Look below for the line with "Оглавление старинной книги" and the line with "В номере: вешалка, зеркало, кресло, кровати". Copy exactly those two lines and every line between, but not the pictures.

Segment Open

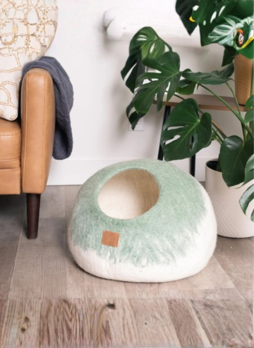 Give your cat the ultimate retreat with the Round Style Cat Cave Bed where luxury, comfort, and design meet. Handcrafted from high-quality organic felted Merino wool, this sculptural cave offers a cozy hideaway for cats of all sizes, while doubling as a piece that elevates your home decor. Inspired by nature and thoughtfully designed for both visual impact and you cat's comfort, the Burst Design Cave invites your pet into a warm, protective space that is both relaxing and delightful. This is truly the perfect round cat house and cave
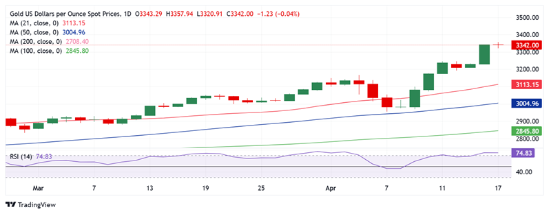 Mehtahi指出,黄金日线图显示,14日相对强弱指数(RSI)仍然严重超买,目前接近75,暗示可能会出现回调。
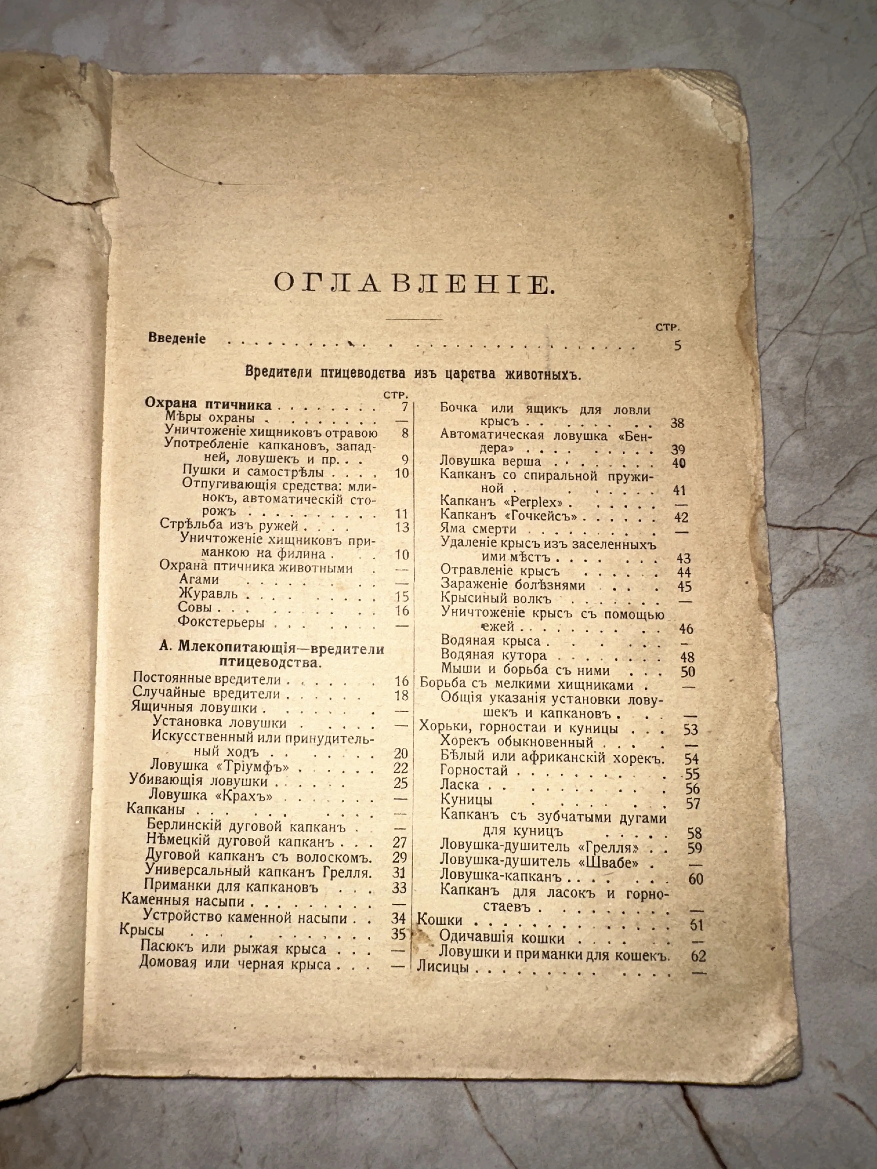 Оглавление старинной книги на русском языке с дореформенной орфографией, посвященное борьбе с вредителями птицеводства и описанию ловушек.
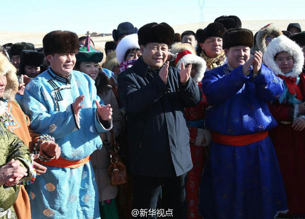 新華網北京1月27日電 據新華社“新華視點”微博報道,“草原人民歡迎您”“歡迎您到錫林郭勒來做客”……臨近中午,習近平來到當地蒙古族群眾舉行的冬季那達慕,看賽馬,聽長調,賞歌舞,牧民們爭相同總書記握手。習近平對群眾說,我向大家致以新春祝福,祝大家馬年一馬當先、萬馬奔騰、馬到成功!
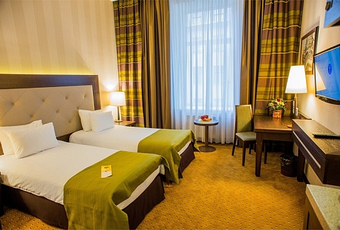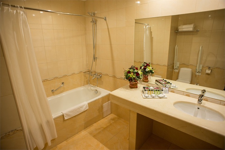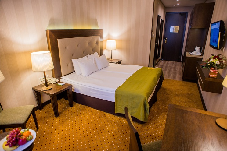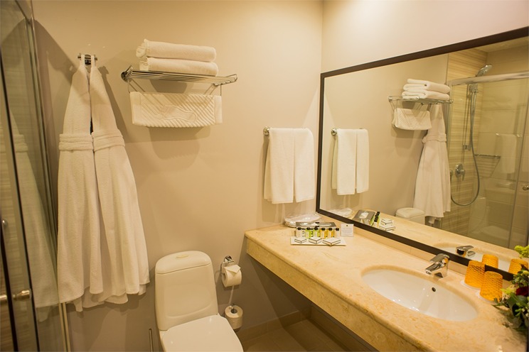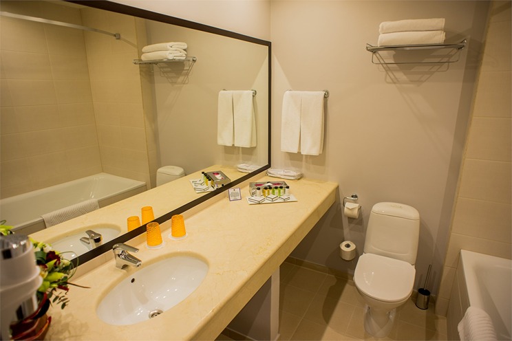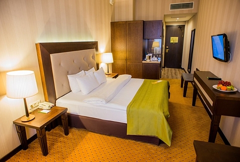 В номере: вешалка, зеркало, кресло, кровати односпальные /одна двуспальная кровать, прикроватные тумбочки, стол, стул, шкаф, гладильная доска, кондиционер, мини-холодильник, сейф, телевизор, телефон, утюг, чайная станция, чайный набор посуды
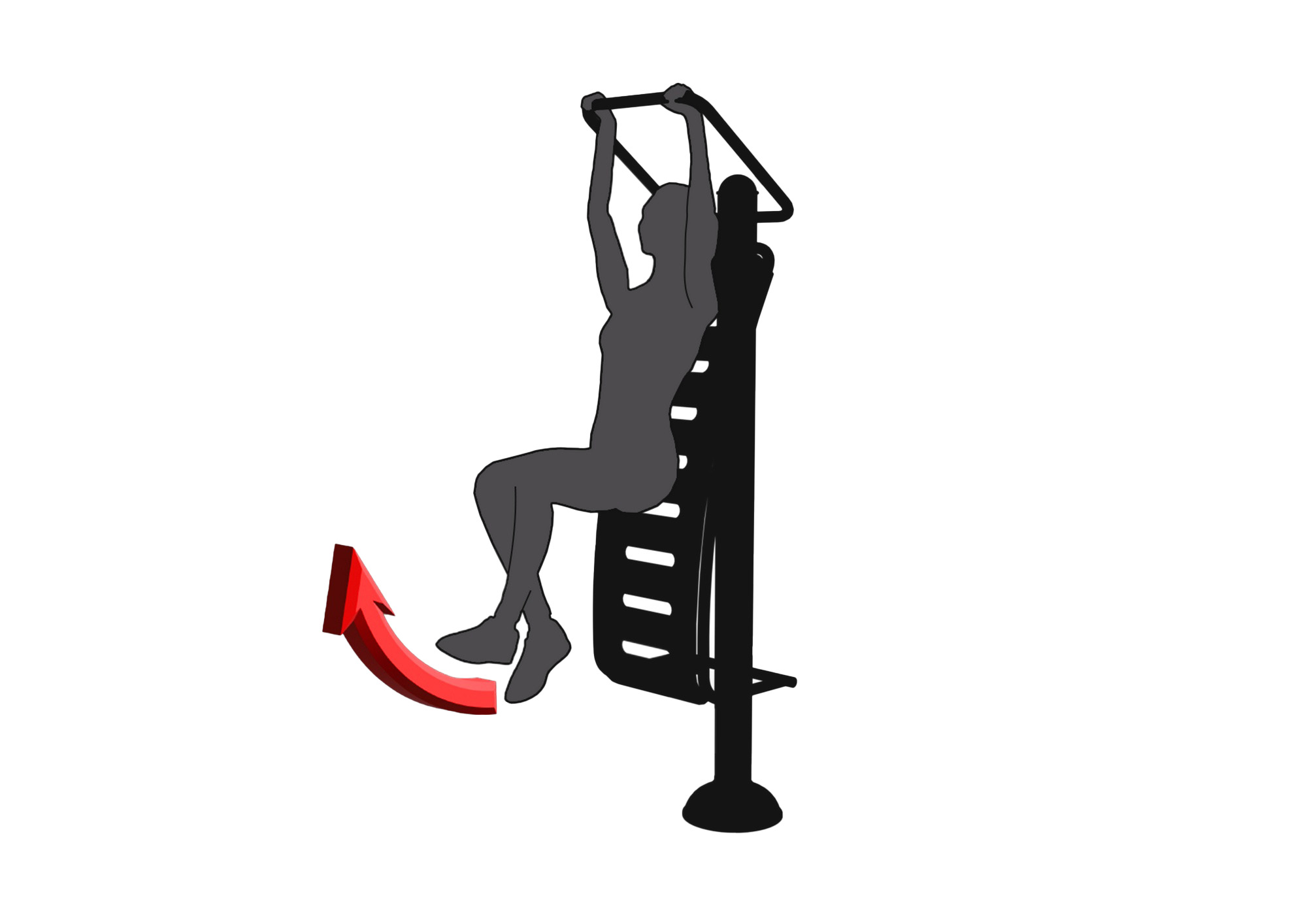 Postavte se vzpřímeně zády k zařízení a pevně se opřete o desku. Uchopte rukojeť nad sebou. Pomalu zvedejte vystřené nohy směrem nahoru, až budou kolmo na Vaše tělo. Nádech při pohybu nohou vzhůru, výdech při pohybu nohou dolů. Provádějte plynulé a kontrolované pohyby. Počet opakování zvyšujte podle zlepšení kondice.

Segment Closed

» **Exercise result**:
 Оглавление старинной книги на русском языке с дореформенной орфографией, посвященное борьбе с вредителями птицеводства и описанию ловушек.
 新華網北京1月27日電 據新華社“新華視點”微博報道,“草原人民歡迎您”“歡迎您到錫林郭勒來做客”……臨近中午,習近平來到當地蒙古族群眾舉行的冬季那達慕,看賽馬,聽長調,賞歌舞,牧民們爭相同總書記握手。習近平對群眾說,我向大家致以新春祝福,祝大家馬年一馬當先、萬馬奔騰、馬到成功!
 В номере: вешалка, зеркало, кресло, кровати односпальные /одна двуспальная кровать, прикроватные тумбочки, стол, стул, шкаф, гладильная доска, кондиционер, мини-холодильник, сейф, телевизор, телефон, утюг, чайная станция, чайный набор посуды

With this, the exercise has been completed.